Now that we have this structured information by hour, we need to find out 
* the average comments by post generated by hour from Ask Titles
* the average points by post generated by hour from Show Titles

In [14]:
def avg_by_hour(attention_by_hour, counts_by_hour):   
    avg = []
    for hour in attention_by_hour:
        #appending the hour and the number of coments devided by the number of posts
        avg.append([hour, attention_by_hour[hour] / counts_by_hour[hour]])
    return avg

#average comments by hour from Ask Titles
ask_avg_comm = avg_by_hour(ask_comments_by_hour, ask_posts_by_hour)
#average points by hour from Show Titles
show_avg_points = avg_by_hour(show_points_by_hour, show_posts_by_hour) 

In [15]:
print(explore_data(ask_avg_comm, 0, len(ask_avg_comm)))

['09', 10.551470588235293]


['08', 6.524305555555555]


['05', 8.0]


['04', 8.064386317907445]


['02', 6.811355311355311]


['00', 10.146496815286625]


['22', 20.377880184331797]


['21', 19.14003590664273]


['20', 14.590909090909092]


['18', 10.527868852459017]


['17', 9.863013698630137]


['16', 7.380341880341881]


['14', 7.66390041493776]


['10', 8.544401544401545]


['06', 6.479495268138801]


['03', 10.288844621513944]


['23', 6.302158273381295]


['15', 8.764478764478765]


['07', 9.12589928057554]


['01', 7.958333333333333]


['19', 12.728947368421053]


['11', 11.462962962962964]


['13', 6.108225108225108]


['12', 7.392344497607655]


None


In [16]:
print(explore_data(show_avg_points, 0, len(show_avg_points)))

['07', 15.140684410646388]


['06', 12.382165605095542]


['03', 15.256198347107437]


['02', 15.450729927007298]


['01', 13.951638065522621]


['23', 15.725617685305592]


['21', 15.001295336787564]


['17', 14.245283018867925]


['16', 12.095394736842104]


['15', 14.059016393442622]


['13', 16.871134020618555]


['10', 14.547169811320755]


['04', 13.69047619047619]


['00', 14.152080344332855]


['22', 13.432432432432432]


['18', 22.390519187358915]


['14', 15.501805054151625]


['11', 10.430939226519337]


['20', 15.236722306525039]


['19', 18.927911275415898]


['08', 17.213270142180093]


['05', 13.639118457300276]


['09', 7.45771144278607]


['12', 10.625698324022347]


None


Our nex step will be sorting the data by comments/points in descending order.

In [17]:
def swap_sort(avg_by_hour):
    swap_avg_by_hour = []
    for row in avg_by_hour:
        #appending swapped columns
        swap_avg_by_hour.append([row[1], row[0]])
    sorted_swap = sorted(swap_avg_by_hour, reverse=True)
    return sorted_swap

In [18]:
ask_comm_sort = swap_sort(ask_avg_comm)

print('Top 5 Hours(CET) for Ask Posts Comments')
for row in ask_comm_sort[:6]:
    hour = row[1]
    #parsing the string into datetime oject
    hour_obj = dt.datetime.strptime(hour, '%H')
    #spectifying format for datettime str
    hour_str = hour_obj.strftime('%H:%M')
    avg_comm = row [0]
    print('{}: {:.2f} average comments per post'.format(hour_str, avg_comm))

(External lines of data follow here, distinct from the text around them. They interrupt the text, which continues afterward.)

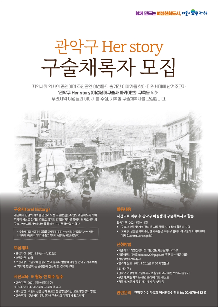 구는 체계적인 기록 수집과 관리를 위해 '관악 허스토리 구술채록단'을 모집·양성한다. 오는 22일까지 구술사에 관심이 있고 컴퓨터 활용이 가능한 관악구 거주 여성 10명을 모집한다.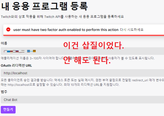 먼저 채팅봇으로 쓸 트위치 부계정을 만들기로 한다.
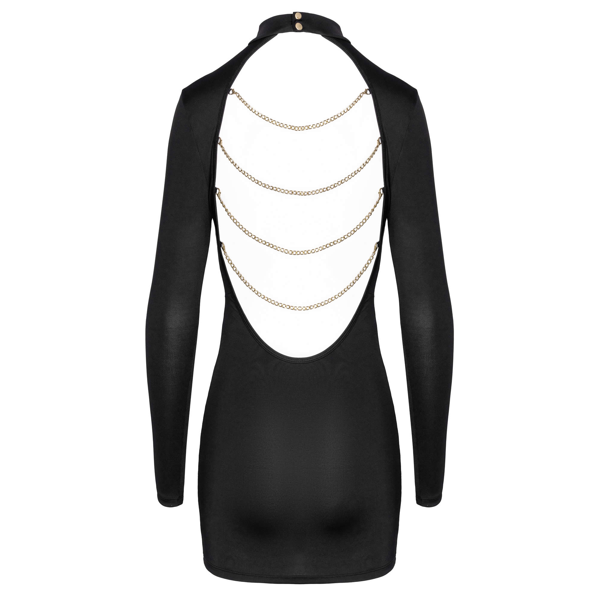 Langærmet Rygløs Mini Kjole i Sort med Pyntekæder – Elegance Møder Forførelse

Top 5 Hours(CET) for Ask Posts Comments
22:00: 20.38 average comments per post
21:00: 19.14 average comments per post
20:00: 14.59 average comments per post
19:00: 12.73 average comments per post
11:00: 11.46 average comments per post
09:00: 10.55 average comments per post


In [19]:
show_points_sort = swap_sort(show_avg_points)

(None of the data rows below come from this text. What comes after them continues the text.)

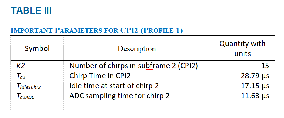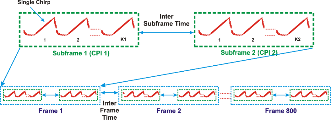 一个子帧可以被视为一个相干处理间隔 (CPI)。从信号处理的角度来看,子帧和帧之间没有区别。由于硬件配置限制,它们的命名方式有所不同。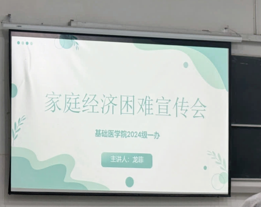 9月3日中午,基础医学院2024级一办在鸿文楼205教室召开2025-2026学年家庭困难学生认定工作宣讲会。本次宣讲会由2024级一办辅导员龙菲主讲,各班生活委员、班长及团支书共同参加,旨在系统传达家庭经济困难学生认定工作的政策要点与流程规范,为后续班级认定工作的有序推进奠定基础。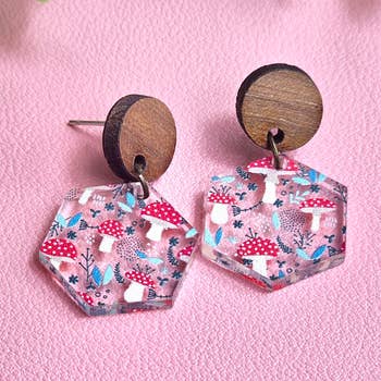 Wood Mushroom Earrings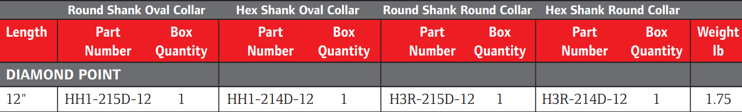 Type: Diamond Point | Length (in.): 12 | Material: Steel

print('Top 5 Hours(CET) for Show Posts Comments')
for row in show_points_sort[:6]:
    hour = row[1]
    #parsing the string into datetime oject
    hour_obj = dt.datetime.strptime(hour, '%H')
    #spectifying format for datettime str
    hour_str = hour_obj.strftime('%H:%M')
    avg_comm = row [0]
    print('{}: {:.2f} average comments per post'.format(hour_str, avg_comm))

Top 5 Hours(CET) for Show Posts Comments
18:00: 22.39 average comments per post
19:00: 18.93 average comments per post
08:00: 17.21 average comments per post
13:00: 16.87 average comments per post
23:00: 15.73 average comments per post
14:00: 15.50 average comments per post


Comments popular submissions and points popular submissions are not popular at the same time.

It's better to post your question between 19:00-23:00(CET). You have more chances to get the maximum of commetns.

If you want to share something and want people to vote for your post you're better posting mostly between 18:00-20:00 and 13:00-15:00 or try early in the morning between 08:00-09:00.